# What is being asked:
In the entries below, find the line with "위탁자에게 수익을 받을" and the line with "An old tape recorder with built-in speakers"; reproduce those two lines and all lines between them exactly, without pictures.

# Dataset records:
+===+
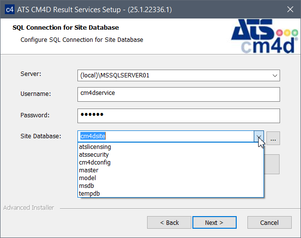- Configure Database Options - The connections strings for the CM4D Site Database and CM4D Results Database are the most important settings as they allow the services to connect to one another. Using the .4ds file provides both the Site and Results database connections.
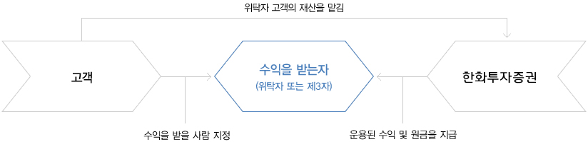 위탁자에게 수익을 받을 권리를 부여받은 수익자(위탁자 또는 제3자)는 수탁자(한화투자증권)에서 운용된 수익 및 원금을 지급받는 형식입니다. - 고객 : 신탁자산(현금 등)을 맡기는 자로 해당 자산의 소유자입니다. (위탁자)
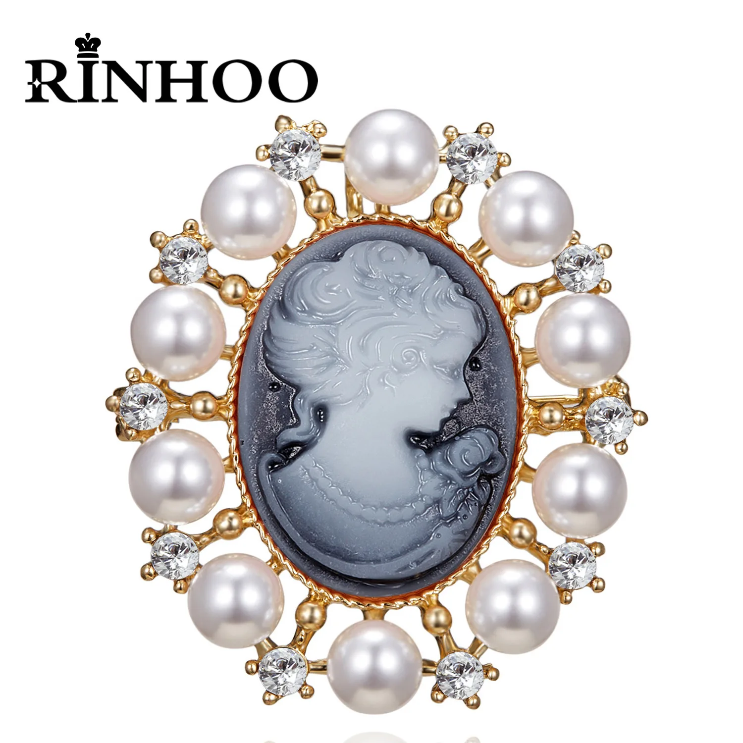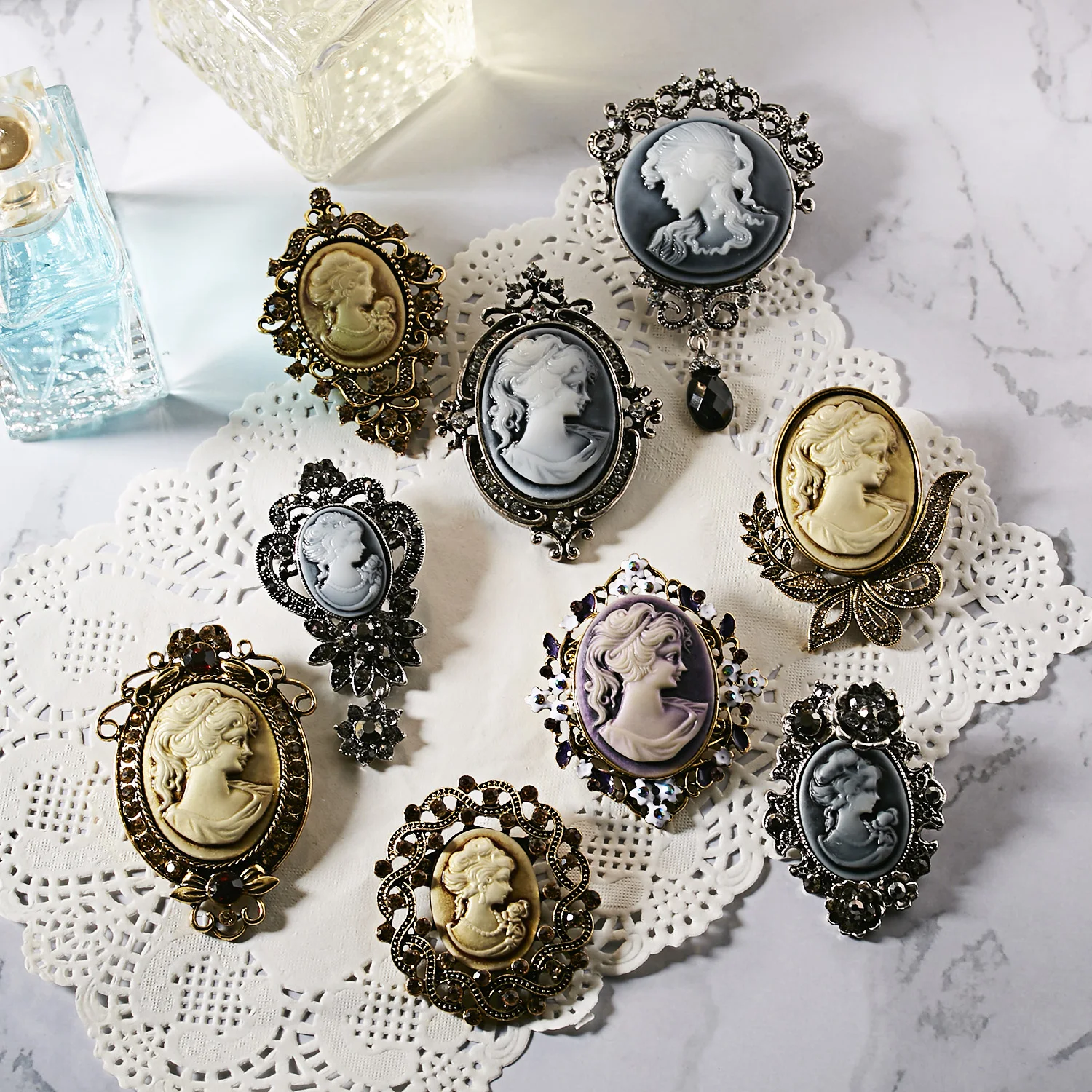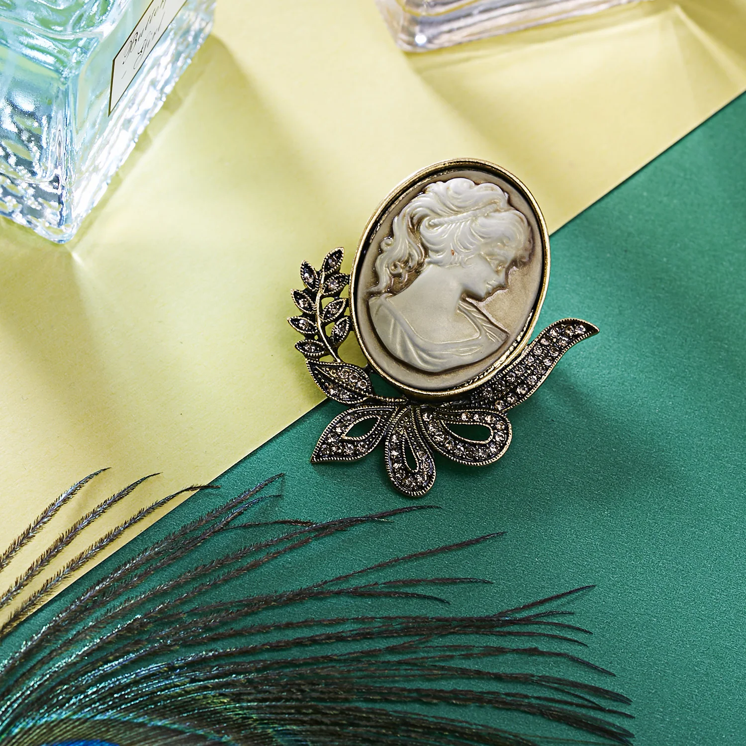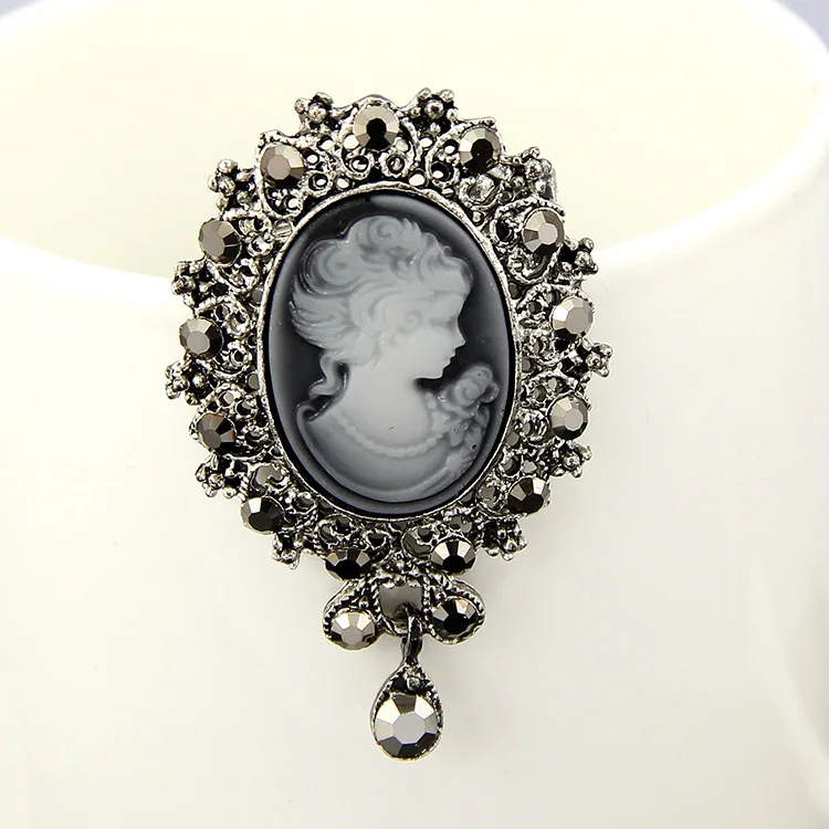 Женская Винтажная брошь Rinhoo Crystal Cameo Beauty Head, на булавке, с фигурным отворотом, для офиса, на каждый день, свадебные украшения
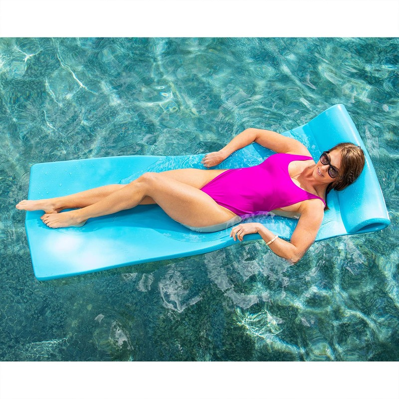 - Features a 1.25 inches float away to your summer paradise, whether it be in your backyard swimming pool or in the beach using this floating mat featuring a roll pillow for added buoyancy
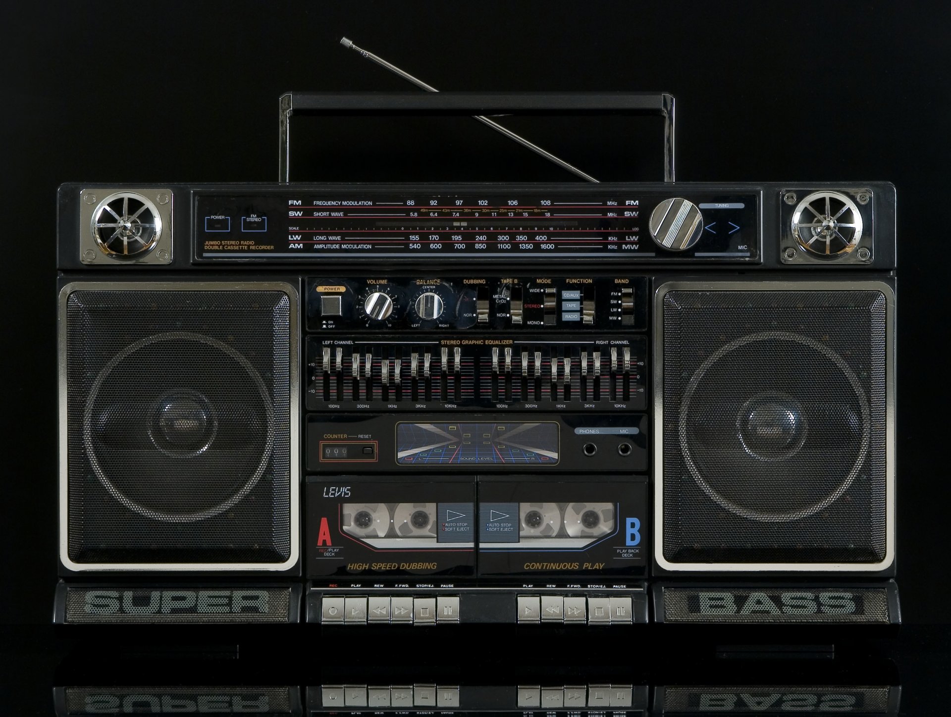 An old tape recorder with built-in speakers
+===+
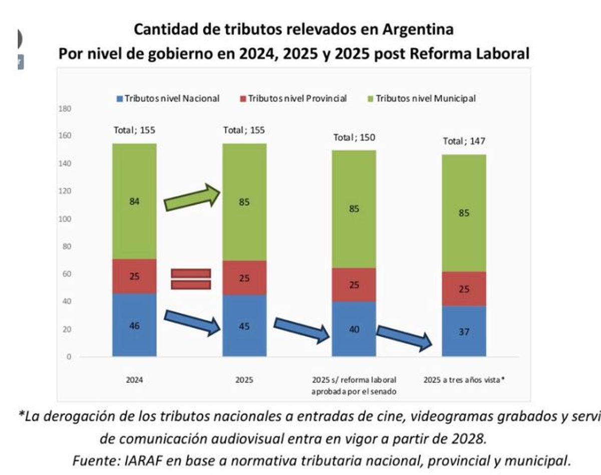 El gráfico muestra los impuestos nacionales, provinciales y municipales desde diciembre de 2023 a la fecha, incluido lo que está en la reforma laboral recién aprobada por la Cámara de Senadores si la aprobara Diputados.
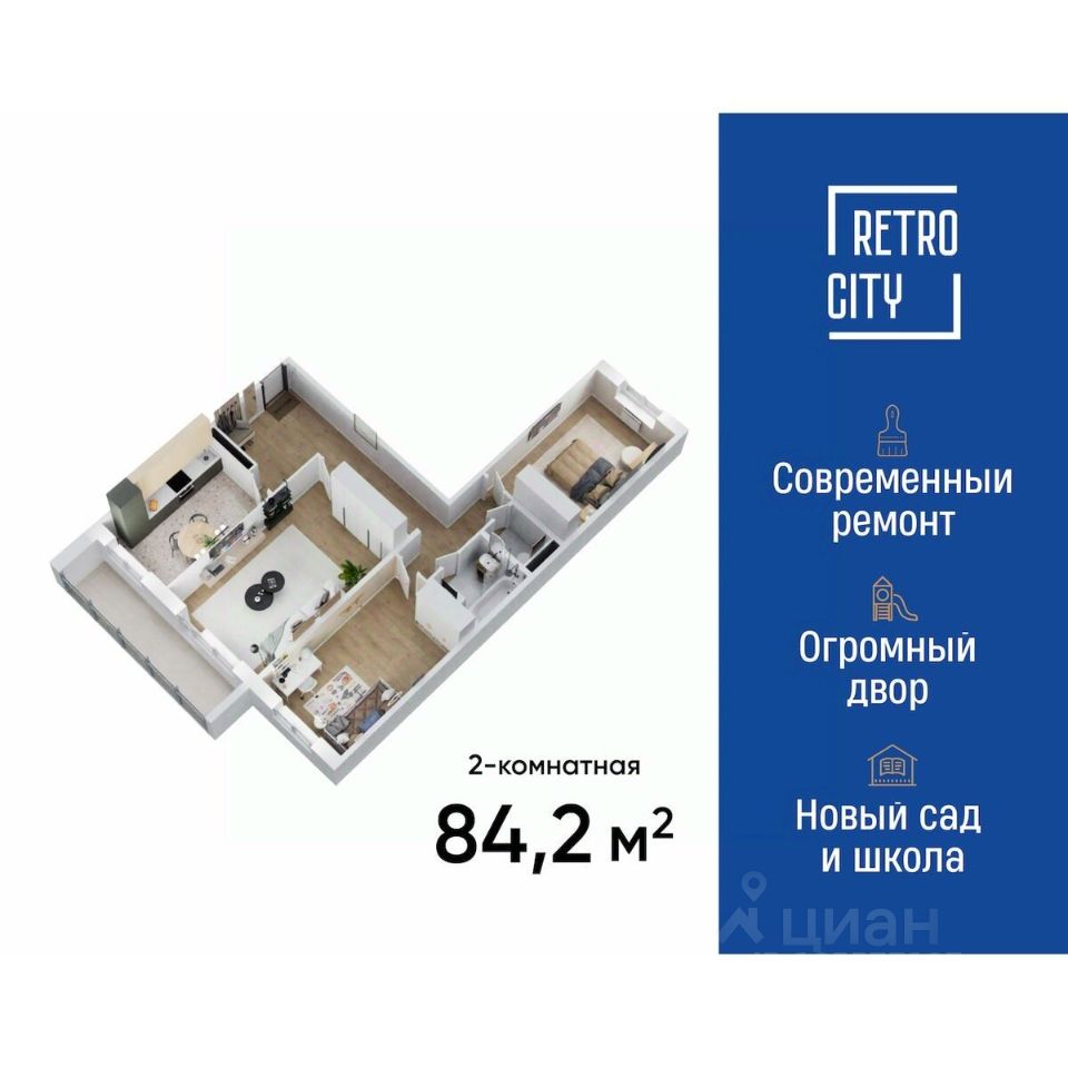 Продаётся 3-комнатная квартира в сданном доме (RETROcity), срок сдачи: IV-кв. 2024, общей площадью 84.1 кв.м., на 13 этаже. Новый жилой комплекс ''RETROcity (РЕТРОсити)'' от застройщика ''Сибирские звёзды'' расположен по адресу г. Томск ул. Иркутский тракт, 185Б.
+===+
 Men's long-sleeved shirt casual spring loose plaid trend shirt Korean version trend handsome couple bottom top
+===+
# Result of this task:
 위탁자에게 수익을 받을 권리를 부여받은 수익자(위탁자 또는 제3자)는 수탁자(한화투자증권)에서 운용된 수익 및 원금을 지급받는 형식입니다. - 고객 : 신탁자산(현금 등)을 맡기는 자로 해당 자산의 소유자입니다. (위탁자)
 Женская Винтажная брошь Rinhoo Crystal Cameo Beauty Head, на булавке, с фигурным отворотом, для офиса, на каждый день, свадебные украшения
 - Features a 1.25 inches float away to your summer paradise, whether it be in your backyard swimming pool or in the beach using this floating mat featuring a roll pillow for added buoyancy
 An old tape recorder with built-in speakers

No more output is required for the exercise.